Stored entries.
┄┄┄┄┄┄┄┄┄┄

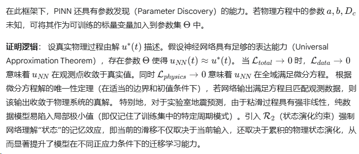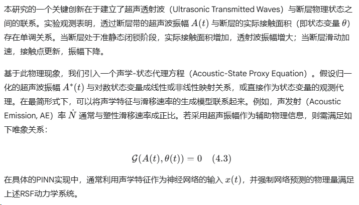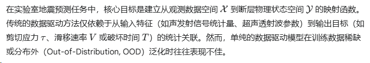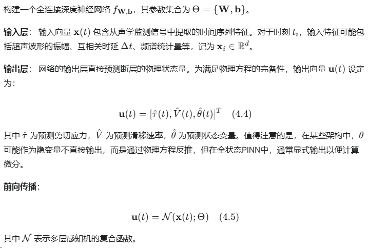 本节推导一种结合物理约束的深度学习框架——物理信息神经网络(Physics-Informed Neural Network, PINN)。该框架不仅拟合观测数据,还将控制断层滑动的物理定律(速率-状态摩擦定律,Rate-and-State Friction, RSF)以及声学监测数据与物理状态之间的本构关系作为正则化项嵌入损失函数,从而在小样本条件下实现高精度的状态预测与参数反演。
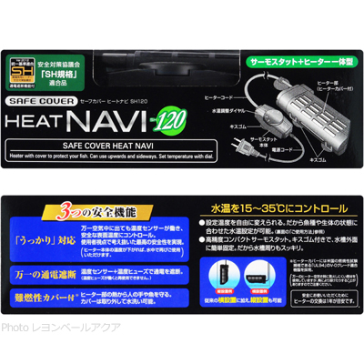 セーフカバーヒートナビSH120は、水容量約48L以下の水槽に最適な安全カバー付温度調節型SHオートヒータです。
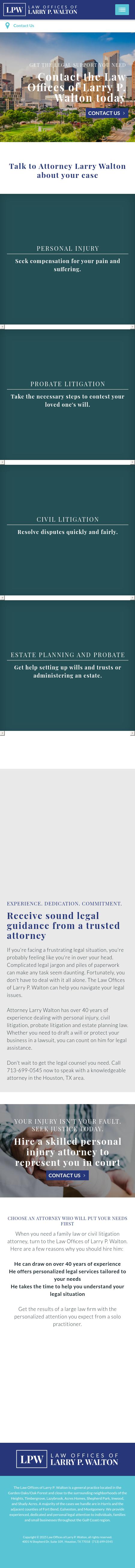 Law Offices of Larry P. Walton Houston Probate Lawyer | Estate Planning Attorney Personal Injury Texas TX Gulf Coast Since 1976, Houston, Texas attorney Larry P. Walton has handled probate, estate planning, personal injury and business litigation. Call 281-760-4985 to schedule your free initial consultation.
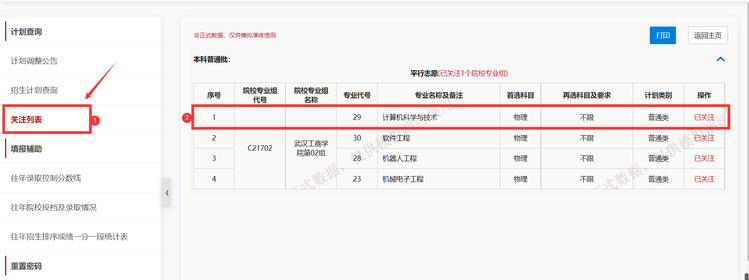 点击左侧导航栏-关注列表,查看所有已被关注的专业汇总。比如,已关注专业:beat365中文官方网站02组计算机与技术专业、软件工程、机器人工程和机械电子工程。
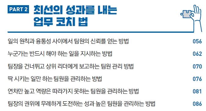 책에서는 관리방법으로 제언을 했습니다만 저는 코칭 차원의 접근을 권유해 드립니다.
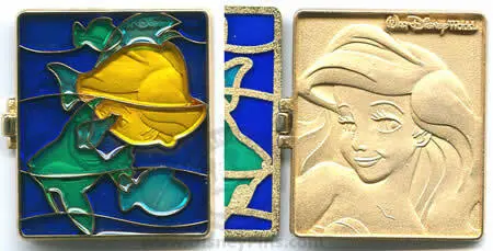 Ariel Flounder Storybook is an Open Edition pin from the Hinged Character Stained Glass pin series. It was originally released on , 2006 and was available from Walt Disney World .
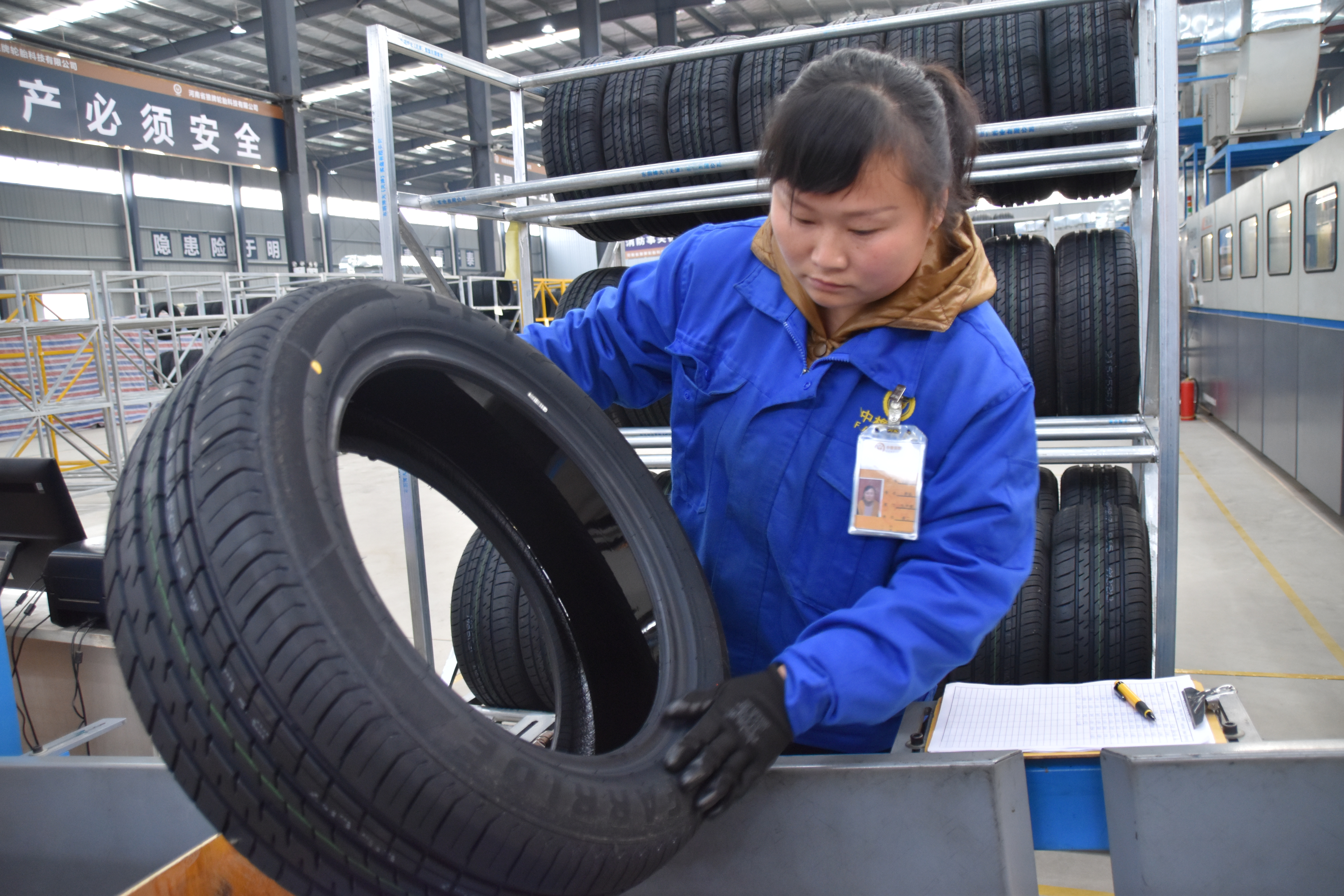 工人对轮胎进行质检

┄┄┄┄┄┄┄┄┄┄

YOUR TASK. Would you copy out the data exactly, leaving every picture out?

FINISHED EXERCISE.
 本节推导一种结合物理约束的深度学习框架——物理信息神经网络(Physics-Informed Neural Network, PINN)。该框架不仅拟合观测数据,还将控制断层滑动的物理定律(速率-状态摩擦定律,Rate-and-State Friction, RSF)以及声学监测数据与物理状态之间的本构关系作为正则化项嵌入损失函数,从而在小样本条件下实现高精度的状态预测与参数反演。
 セーフカバーヒートナビSH120は、水容量約48L以下の水槽に最適な安全カバー付温度調節型SHオートヒータです。
 Law Offices of Larry P. Walton Houston Probate Lawyer | Estate Planning Attorney Personal Injury Texas TX Gulf Coast Since 1976, Houston, Texas attorney Larry P. Walton has handled probate, estate planning, personal injury and business litigation. Call 281-760-4985 to schedule your free initial consultation.
 点击左侧导航栏-关注列表,查看所有已被关注的专业汇总。比如,已关注专业:beat365中文官方网站02组计算机与技术专业、软件工程、机器人工程和机械电子工程。
 책에서는 관리방법으로 제언을 했습니다만 저는 코칭 차원의 접근을 권유해 드립니다.
 Ariel Flounder Storybook is an Open Edition pin from the Hinged Character Stained Glass pin series. It was originally released on , 2006 and was available from Walt Disney World .
 工人对轮胎进行质检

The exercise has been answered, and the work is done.